Le second élément est sémantique mais sa conséquence est notable sur le plan politique. Parler de taxation des rentes relève de l’orientation politique, car cela ne concernerait en définitive que certaines parties de la base taxable au titre de la taxation du capital. Et au surplus, la définition juridique et politique d’une rente est évidemment sujette à interprétation. Sous couvert de toujours préserver au maximum les plus aisés, le Gouvernement oriente ainsi le débat économique et politique pour en limiter la portée.

Dès 2019, j’avais commis un rapport pour la Commission des finances du Sénat relatif à la transformation de l’ISF – Impôt de solidarité sur la fortune, en IFI – Impôt sur la fortune immobilière et à la mise en place de la « flat tax ». Depuis lors, de nombreuses études économiques démontrent la même chose : si selon l’adage « trop d’impôt tue l’impôt », la France est caractérisée par un niveau d’imposition du capital relativement faible qui pourrait être augmenté sans risque réel d’évasion des capitaux.

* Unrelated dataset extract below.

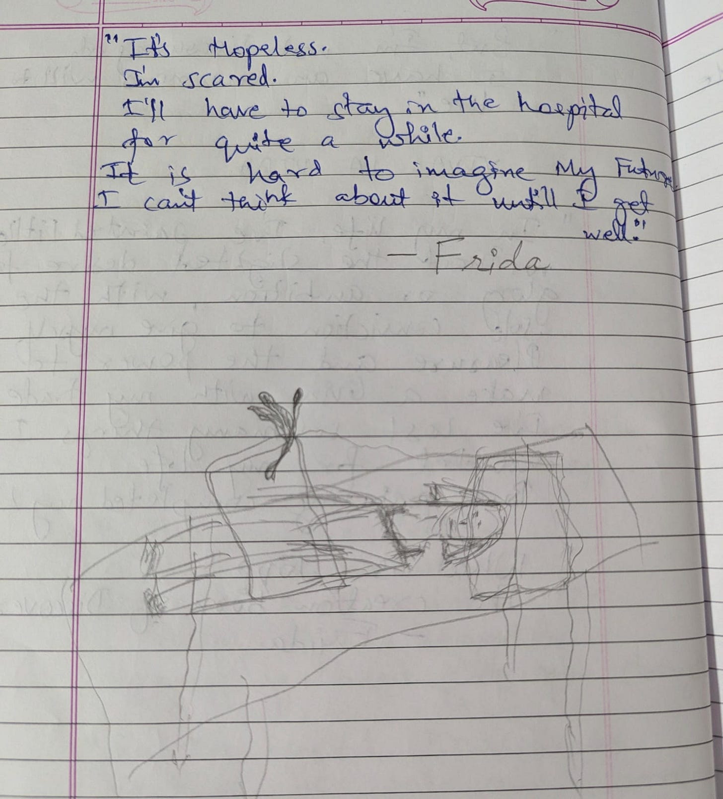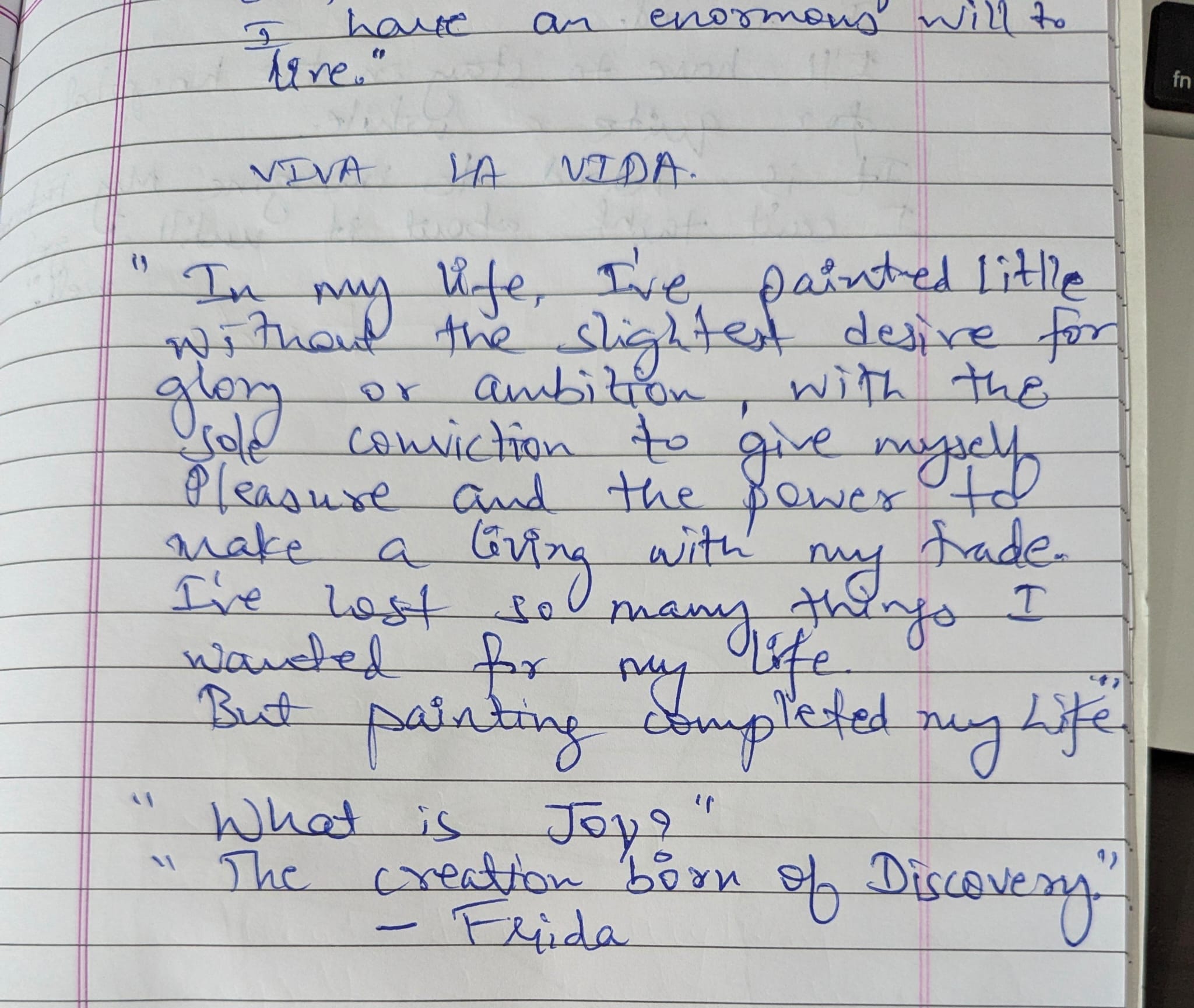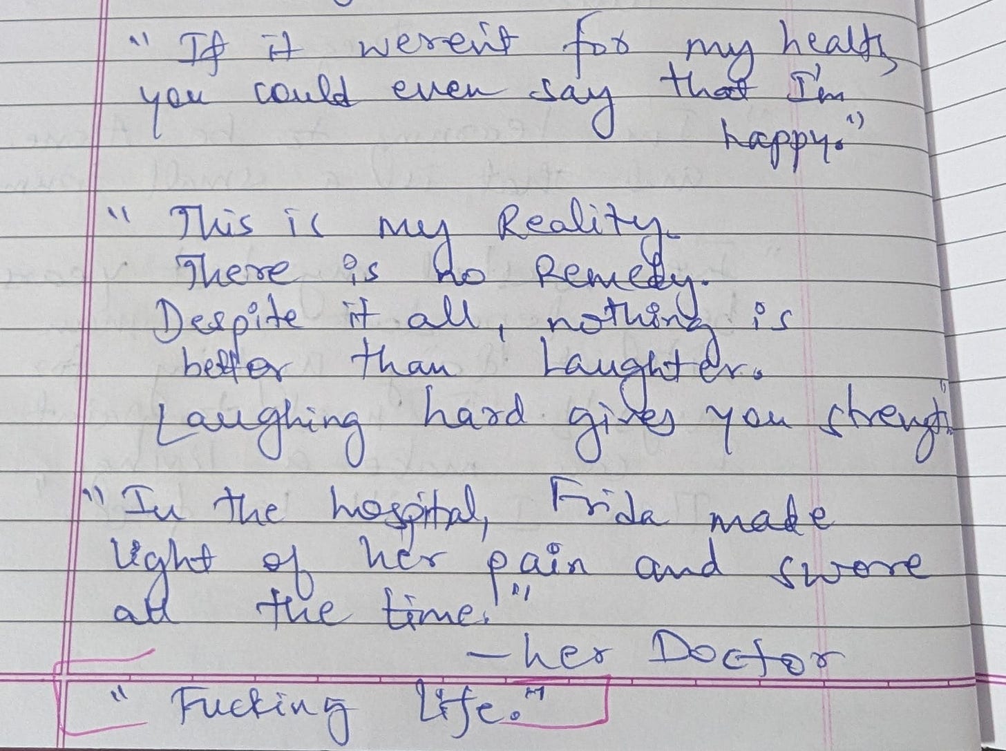 i watched it till lunch. i couldn’t eat much. then continued watching the documentary again. and, Frida’s life and her pain and her passion for painting made me write so many notes in my phone and in my notepad whenever i could sit up a bit.

Alors que nous manquons cruellement d’argent public, rejeter le débat sur les niveaux de taxation du capital puis organiser un débat parfaitement biaisé témoigne d’une démarche irresponsable sur le plan économique et cynique sur le plan politique.

Nous avons besoin d’une remise à plat de la fiscalité, pour davantage de progressivité et de redistribution, en particulier en ce qui concerne la taxation du capital. Nos propositions sont sur la table depuis de nombreux mois, au gouvernement de décider et surtout d’assumer ses décisions devant les Françaises et les Français.